[Records supplied]
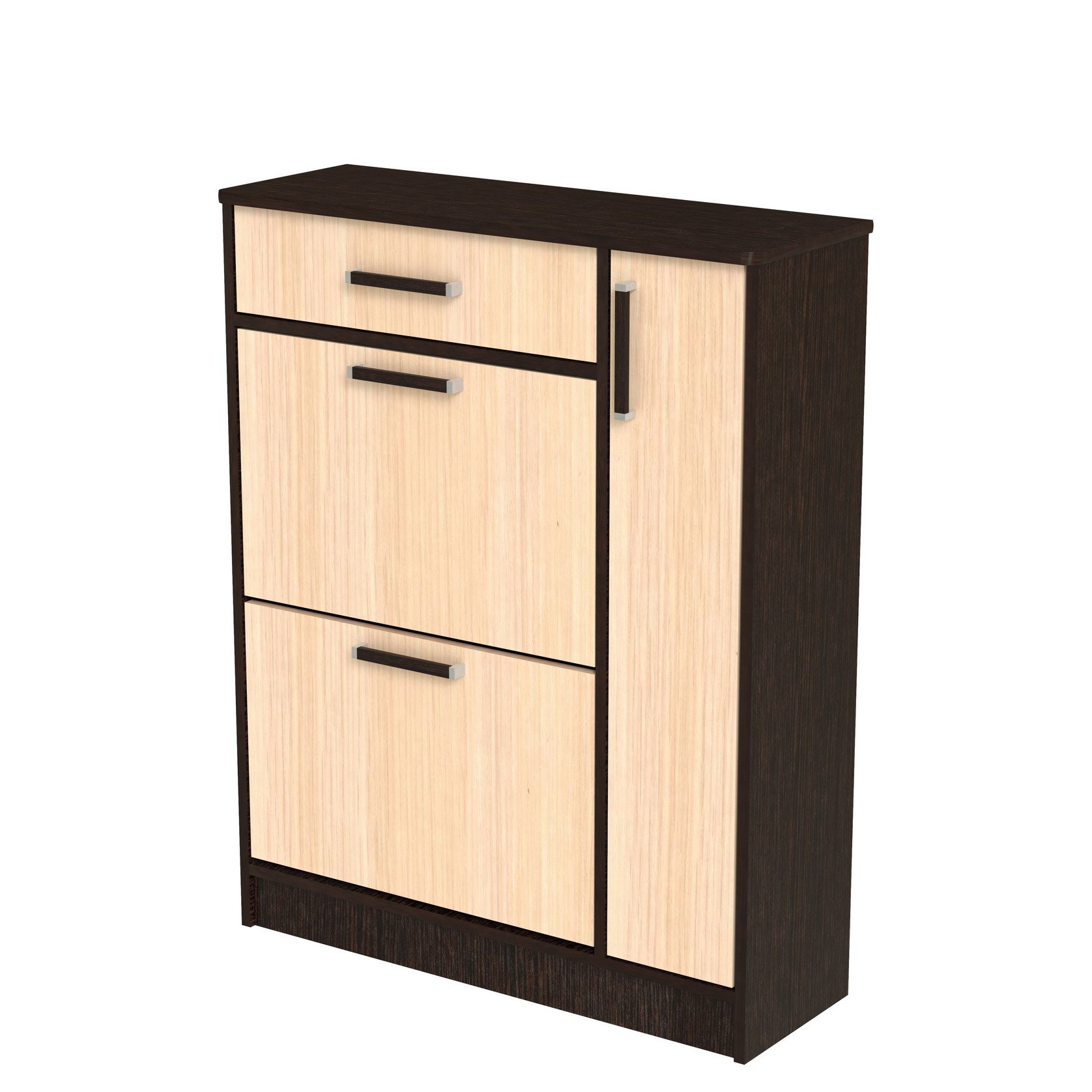 Обувница с двумя откидными нишами под обувь, распашной дверью со съемными полками и выдвижным ящиком. Тумба идеально встанет в Вашей прихожей и не займет много места.Корпус и фасады из качественного ЛДС.Производитель оставляет за собой право менять фурнитуру.
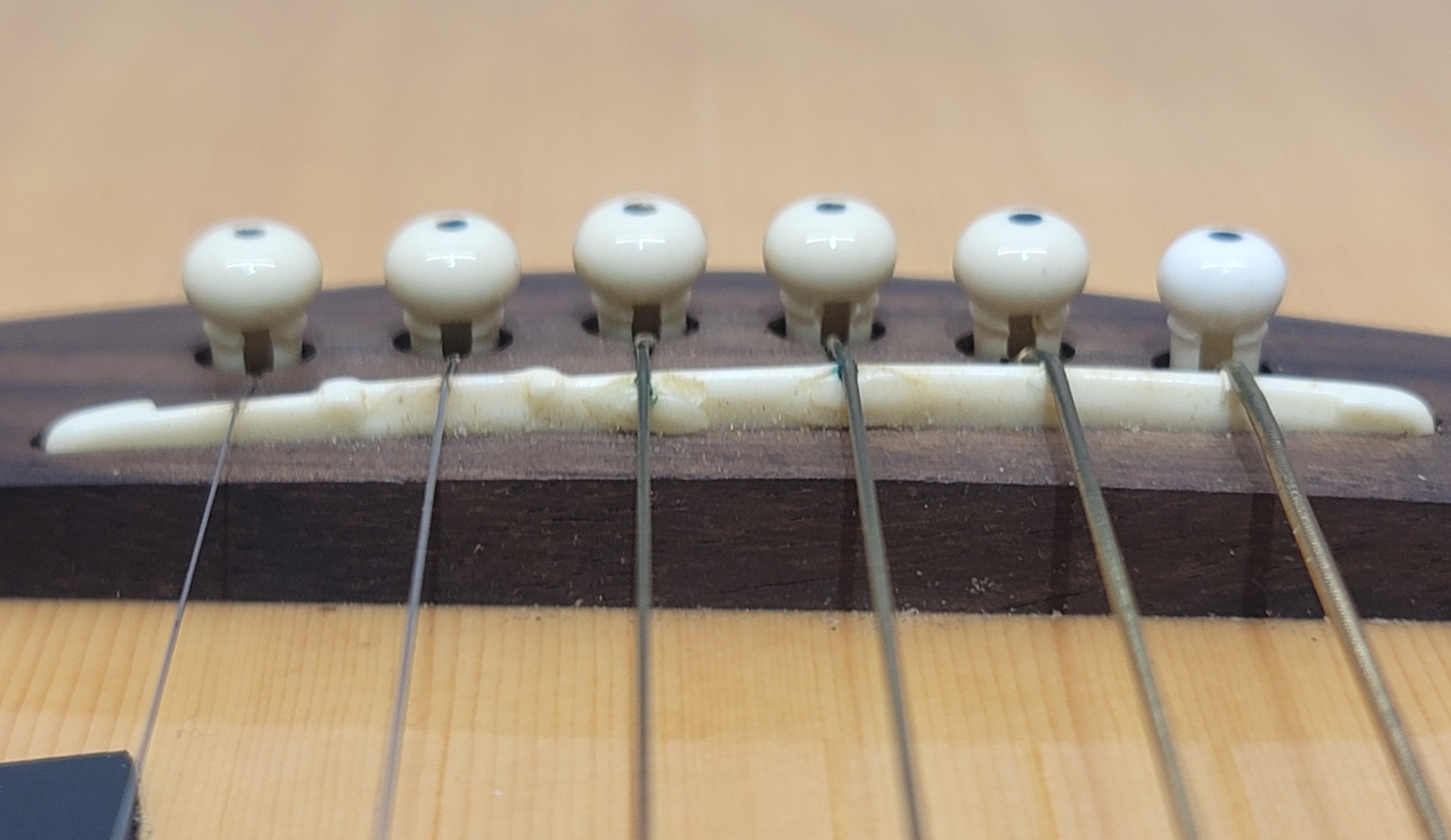 As well as the pegs are not pushed in fully. We know most musicians would want to restring their new guitar with their preferred string brand a gauge so have not restrung the guitar
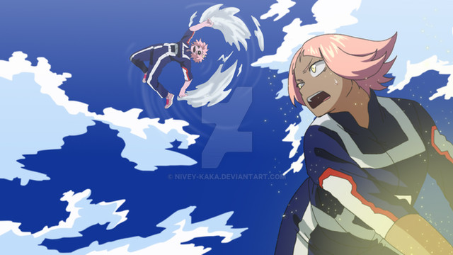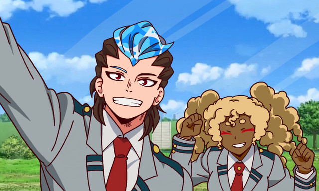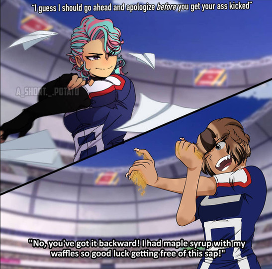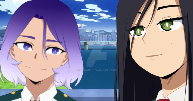 Gotta love a friendly rivalry. Oriko (left) and Ru (right) were actually friends in first year, but after Oriko went vigilante for a bit, Ru felt hurt and was only worsened by them starting to learn under the same mentor; so a rivalry formed.This would be the Second Year at UA probably; so Oriko is a general student and Ru is a hero student.
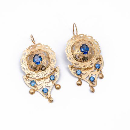 14K Női arany fantázia kék cirkónia köves beakasztós fülbevaló
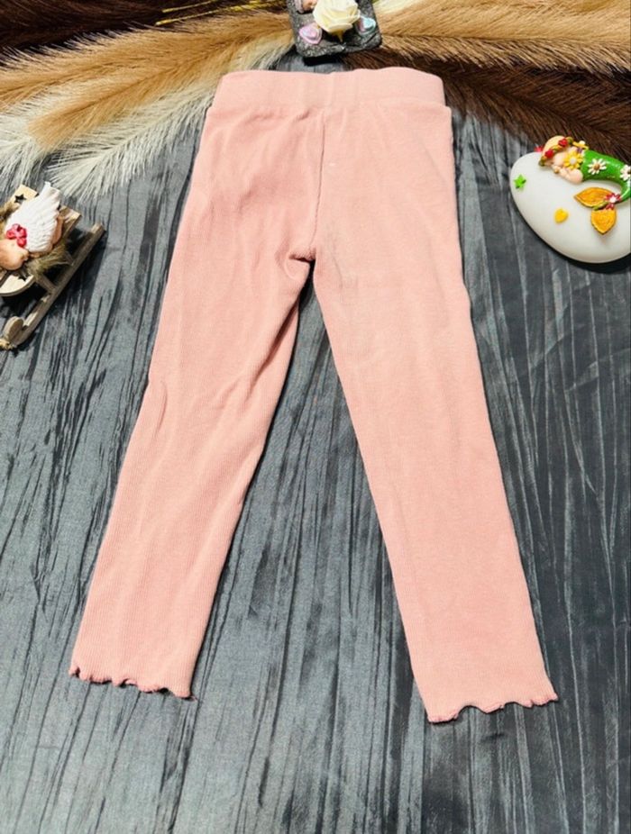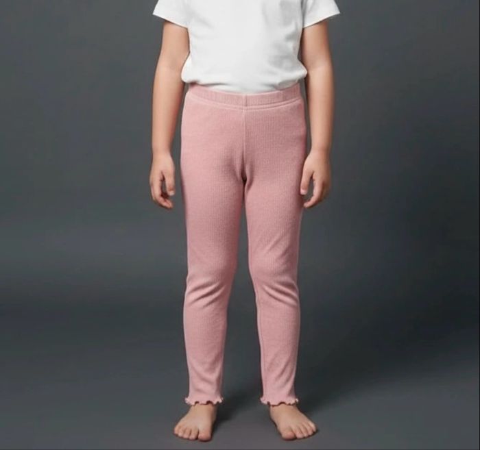 joli pantalon en maille côtelée de couleur rose poudré. Très confortable et extensible, parfait pour le quotidien. Finition "vagues" (lettuce trim) sur le bas des jambes pour une touche adorable. • Très bon état / Comme neuf •Rose pastel • Casual / Confortable • Côtelée, douce et souple
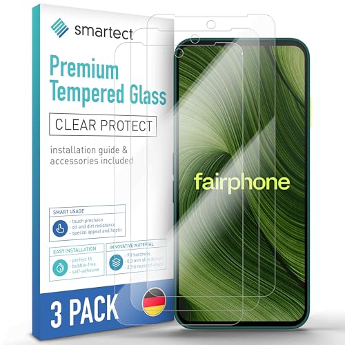 smartect [3 Stycken, Clear] Skärmskydd kompatibel med Fairphone 5, HD Screen Protector i Härdat Glas 9H, Bubbelfri Installation, Anti-Fingeravtryck
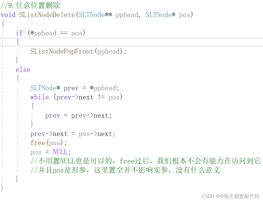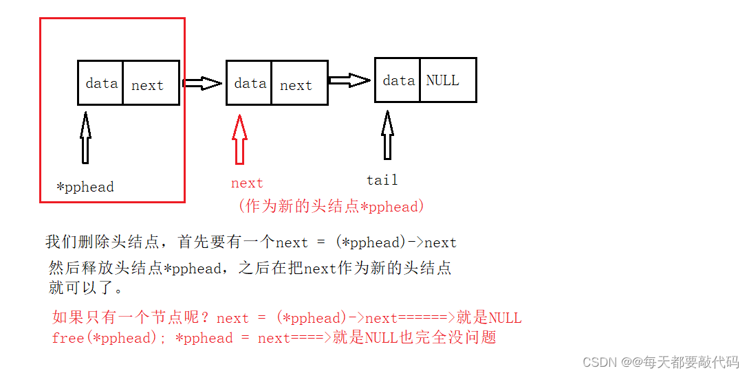 情况2:问题又来了,如果还是在*pos = *pphead**位置删除呢?这样pos又没有前一个地址prev,怎么办呢?最简单的方法还是调用以前的函数,这里调用头删函数*SListNodePopFront**,具体逻辑图如下:
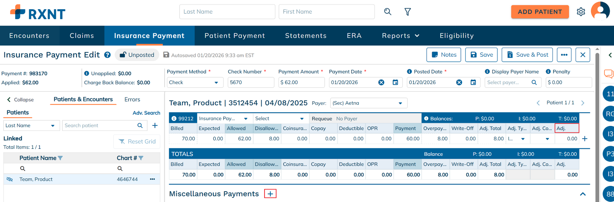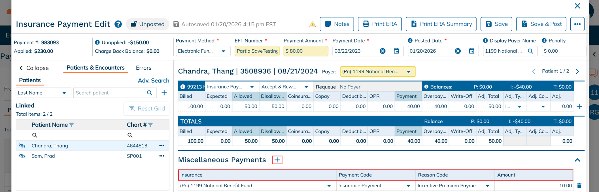 Miscellaneous codes are usually populated from the ERA’s PLB. If not, click the “+” icon to add a miscellaneous payment. Select Insurance from the dropdown to see payers for the patient’s encounter, then choose a Payment Code and a Reason Code from the available options. Enter the payment amount in the Amount field.
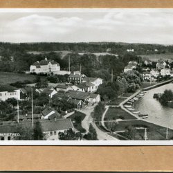 Ett vykort föreställande Södertälje strandbad. Axel Lundmarks Bokhandel förlag. Poststämpel 1921.
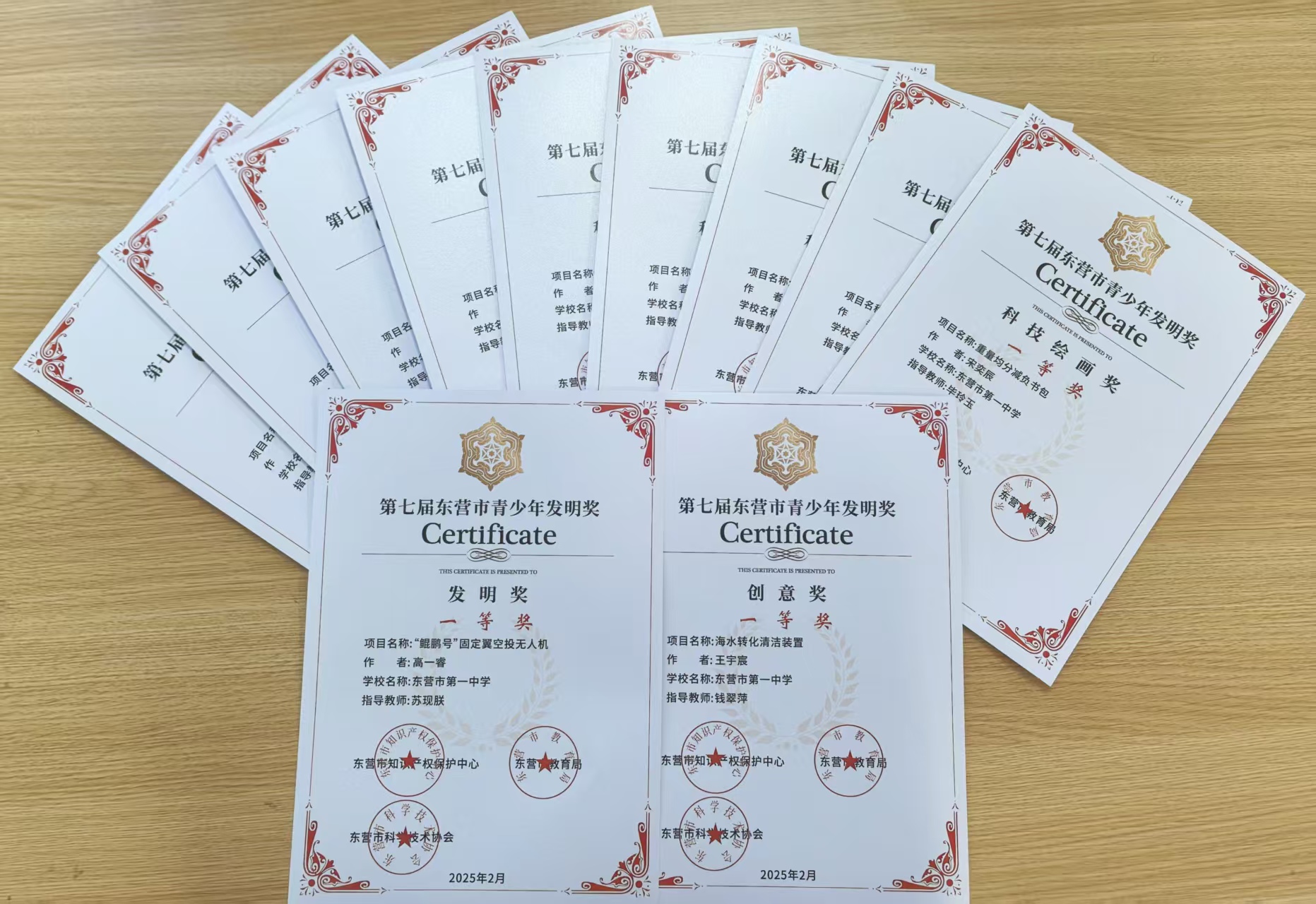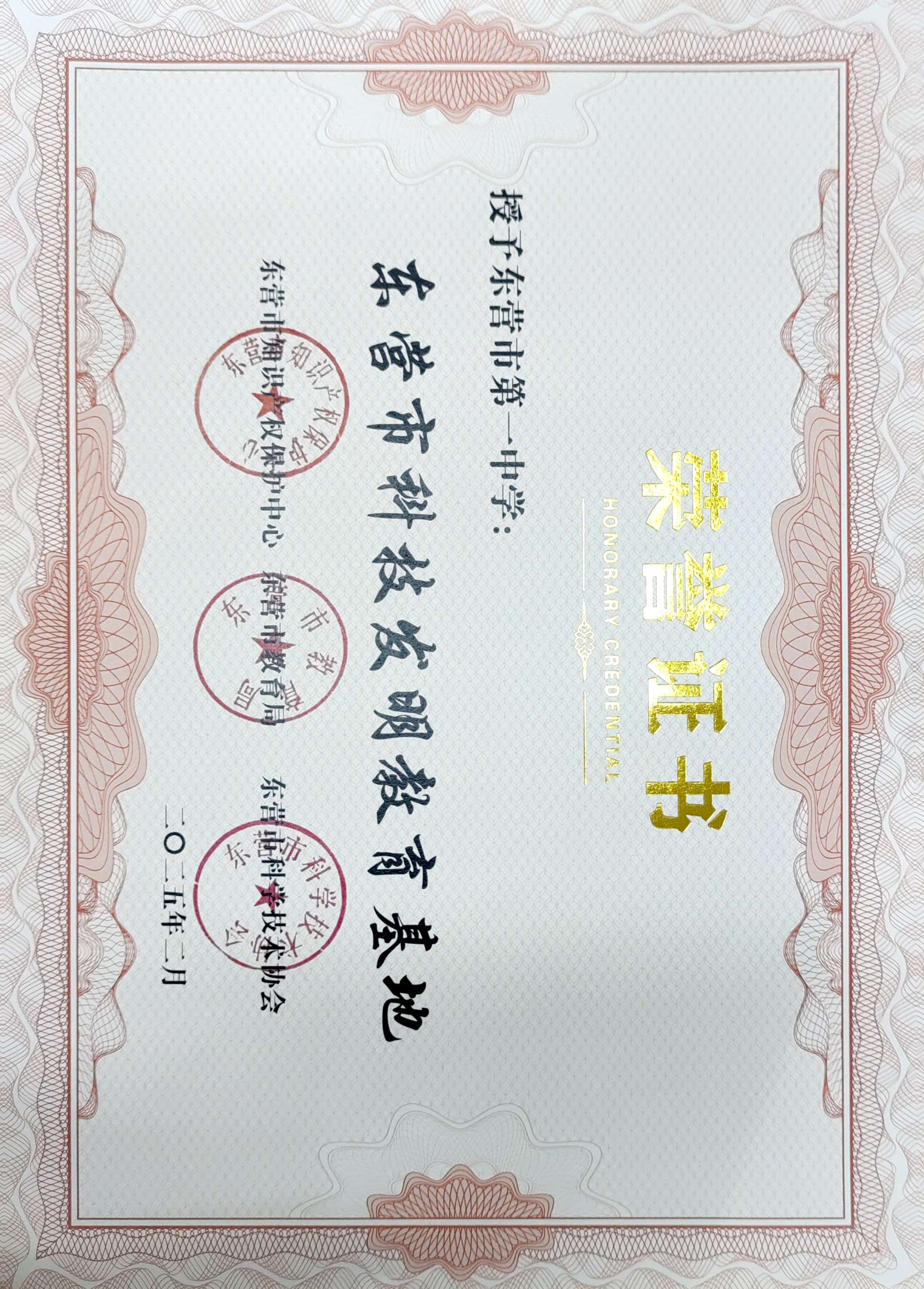在第七届“东营市青少年发明奖”评选活动中,我校喜获“东营市科技发明教育基地”称号!钱翠萍、毕玲玉、李文晓、张喜燕、马志鸿、苏现朕、王强、周荣伟、唐俊星、赵欣、张瑞等11位老师荣获市“园丁奖”,高一睿等11位同学荣获市一等奖,孙臣桐等5位位同学荣获市二等奖,刘森瑞等5位同学荣获市三等奖,获奖人数与等次均创新高。
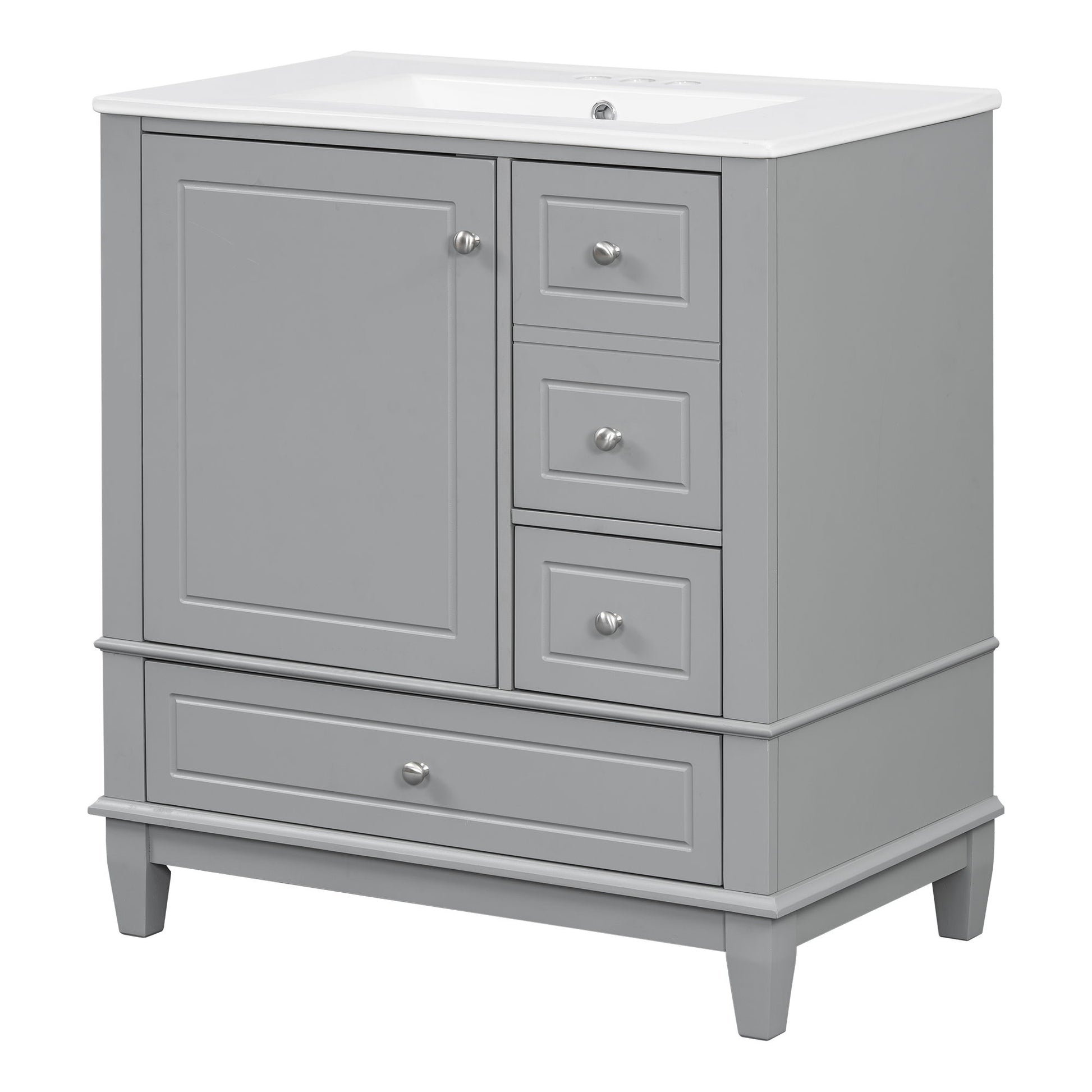 Freestanding Bathroom Vanity With Sink, Soft Close Door, 3 Drawers - Gray30.0"W x 18.3"D x 33.7"H - 99.22 lb

[Work instruction]
Copy out all of the material exactly as written, without its pictures.

[Solution to the problem]
 Обувница с двумя откидными нишами под обувь, распашной дверью со съемными полками и выдвижным ящиком. Тумба идеально встанет в Вашей прихожей и не займет много места.Корпус и фасады из качественного ЛДС.Производитель оставляет за собой право менять фурнитуру.
 As well as the pegs are not pushed in fully. We know most musicians would want to restring their new guitar with their preferred string brand a gauge so have not restrung the guitar
 Gotta love a friendly rivalry. Oriko (left) and Ru (right) were actually friends in first year, but after Oriko went vigilante for a bit, Ru felt hurt and was only worsened by them starting to learn under the same mentor; so a rivalry formed.This would be the Second Year at UA probably; so Oriko is a general student and Ru is a hero student.
 14K Női arany fantázia kék cirkónia köves beakasztós fülbevaló
 joli pantalon en maille côtelée de couleur rose poudré. Très confortable et extensible, parfait pour le quotidien. Finition "vagues" (lettuce trim) sur le bas des jambes pour une touche adorable. • Très bon état / Comme neuf •Rose pastel • Casual / Confortable • Côtelée, douce et souple
 smartect [3 Stycken, Clear] Skärmskydd kompatibel med Fairphone 5, HD Screen Protector i Härdat Glas 9H, Bubbelfri Installation, Anti-Fingeravtryck
 情况2:问题又来了,如果还是在*pos = *pphead**位置删除呢?这样pos又没有前一个地址prev,怎么办呢?最简单的方法还是调用以前的函数,这里调用头删函数*SListNodePopFront**,具体逻辑图如下:
 Miscellaneous codes are usually populated from the ERA’s PLB. If not, click the “+” icon to add a miscellaneous payment. Select Insurance from the dropdown to see payers for the patient’s encounter, then choose a Payment Code and a Reason Code from the available options. Enter the payment amount in the Amount field.
 Ett vykort föreställande Södertälje strandbad. Axel Lundmarks Bokhandel förlag. Poststämpel 1921.
在第七届“东营市青少年发明奖”评选活动中,我校喜获“东营市科技发明教育基地”称号!钱翠萍、毕玲玉、李文晓、张喜燕、马志鸿、苏现朕、王强、周荣伟、唐俊星、赵欣、张瑞等11位老师荣获市“园丁奖”,高一睿等11位同学荣获市一等奖,孙臣桐等5位位同学荣获市二等奖,刘森瑞等5位同学荣获市三等奖,获奖人数与等次均创新高。
 Freestanding Bathroom Vanity With Sink, Soft Close Door, 3 Drawers - Gray30.0"W x 18.3"D x 33.7"H - 99.22 lb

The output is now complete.